Shoshone Barbara A. Gray-Kanatiiosh ABDO publishing Company 2003
This is a short little book, written for a younger age, but gives you an idea of the Shoshone people. They say is pronounced with two syllables and the last e making the o long. However I always used three syllables. The Shoshone people covered a wide area. The extend all the way into California, Death Valley area, through about half of the state of Nevada, into Idaho, almost to Montana and then into Wyoming and Utah. There is a map of their traditional area, which I thought was a bit large, as I knew some of the area was Ute territory. However the book explained that the Shoshone had difficulty getting guns, and therefore their traditional area was greatly reduced. When the Mormons came to Utah, the Shoshone only extended as far south as Ogden or so, and then the rest was Ute territory. There was some area which went back and forth, but the Ute Indians dominated the Uintah area.

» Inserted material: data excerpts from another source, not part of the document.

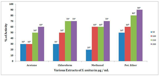 Among the various tested extracts, petroleum ether, acetone, chloroform, and methanol extracts of S. unitus showed the presence of all the studied metabolites (28/32) except alkaloids (Table 1).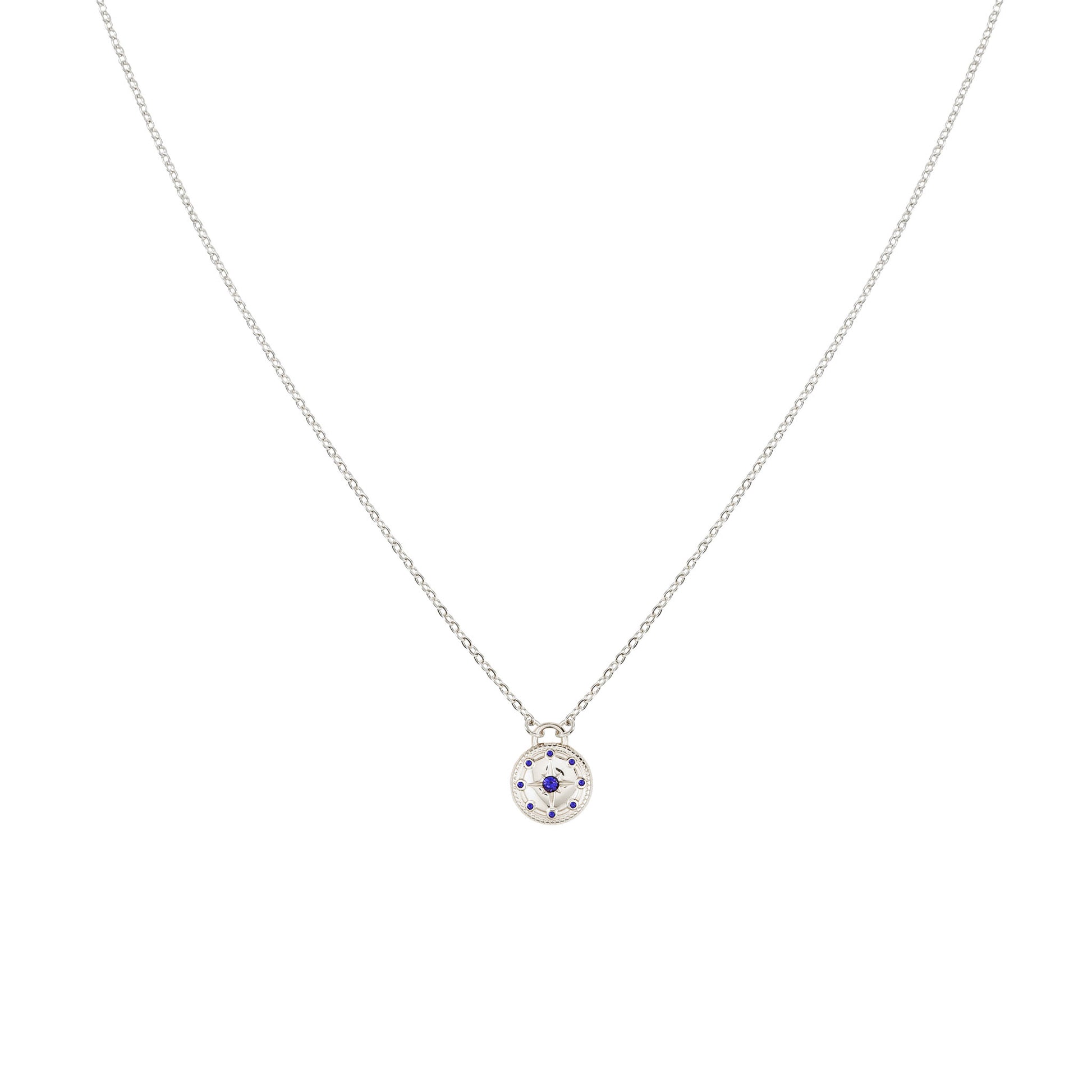 A delicate fine-link chain featuring a circular compass-inspired pendant with a central stone inset. This piece is designed for a minimalist look, accented by detailed engravings and a polished metallic finish. Crafted from high-grade stainless steel, it is fully waterproof and tarnish-resistant for enduring daily wear.
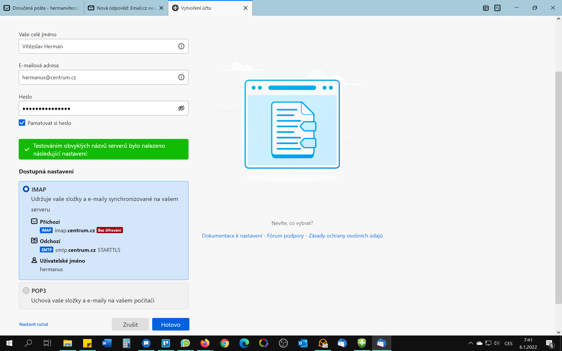 IMAP imap.centrum.cz Bez šifrování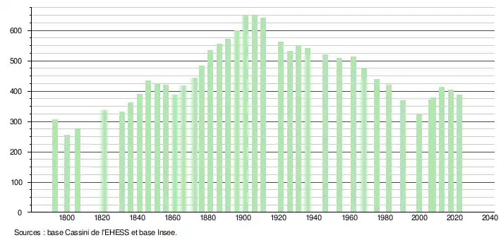 - ↑ Fiches Insee - Populations de référence de la commune pour les années 2006, 2007, 2008, 2009, 2010, 2011, 2012, 2013, 2014, 2015, 2016, 2017, 2018, 2019, 2020, 2021 et 2022.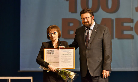 Главный редактор газеты Ирина Марченкова вручила Юрию Лодкину памятную медаль «К 100-летию «Брянского рабочего».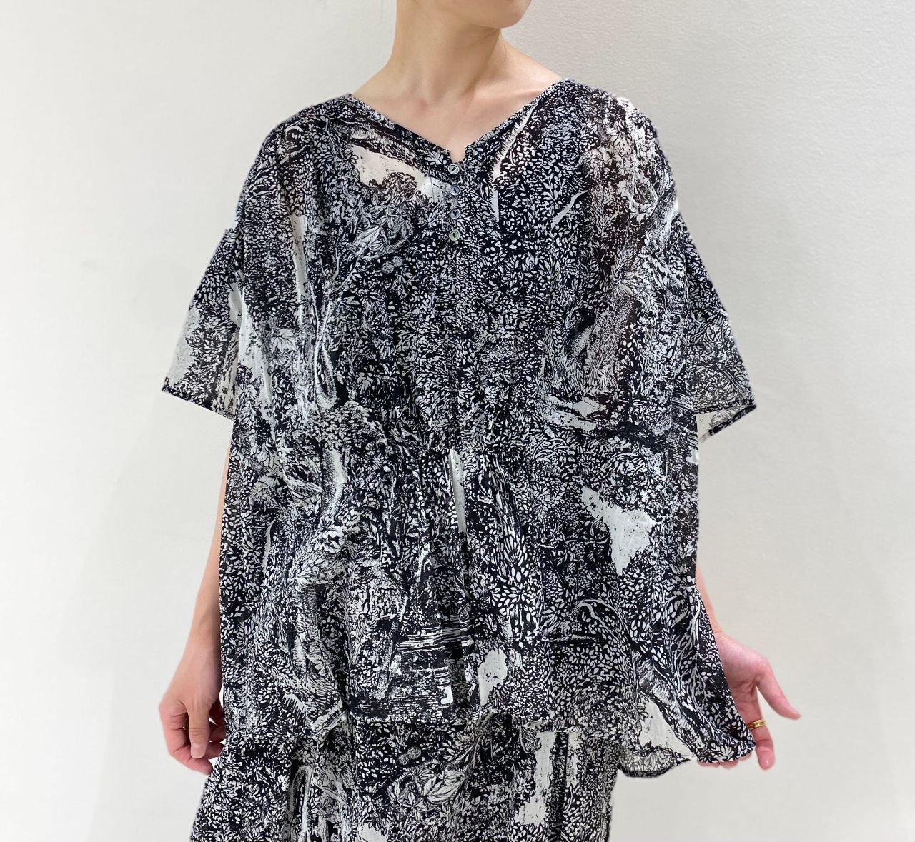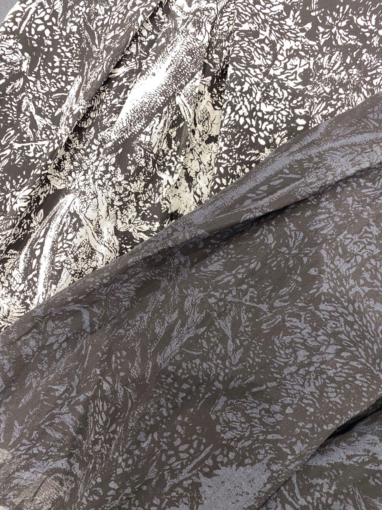 キュプラの滑らかな肌ざわりとコットンのナチュラル感を加えたボイル素材にプリントしております。

Shoshone are a nomadic people. Tony Baca explained this to me in the Duckwater area where I lived for a couple years. The traditional people there would live in the valley during the summer, where there was water and grazing land. However during the summer they would migrate to the mountains where they could keep from the warm sun, and hunt deer and larger animals.
It talked about gathering nuts, which is something I did with them. However it did not give a very good explanation. It said the children would remove the nuts from the cones. However, the cones often had to be roasted to get the nuts out. They would place their blankets under a tree. Then with a long branch with a crook or joint in it at the top, they would shake the tree vigorously so the pine cones would fallout. I imagine this is something similar to the way the acorns are harvested with the acorn tree shaker.
For food they relied on small animals caught in snares, elk, deer, pronghorn, bighorn sheep. They also would trap fish in nets, using spears or with hook and line. Women collected pinon nuts, fruits, seeds, berries wild vegetables and camas roots. They generally had a permanent community with teepees. However when they were on the move they would sleep in brush shelters or lean-tos.
Shoshone are very good at crafts. They women traditionally used porcupine quills to decorate clothing. After meeting French trappers they traded for beads which they work with needle and rawhide or quills. They are also very adept at weaving willows from which they make cradle boards for their babies, as well as baskets. Some so tight they can hold water.
It mentions two famous Shoshone, both from the eastern Shoshone (Wyoming) area.
This book is short, but it gives an interesting look at the Shoshone.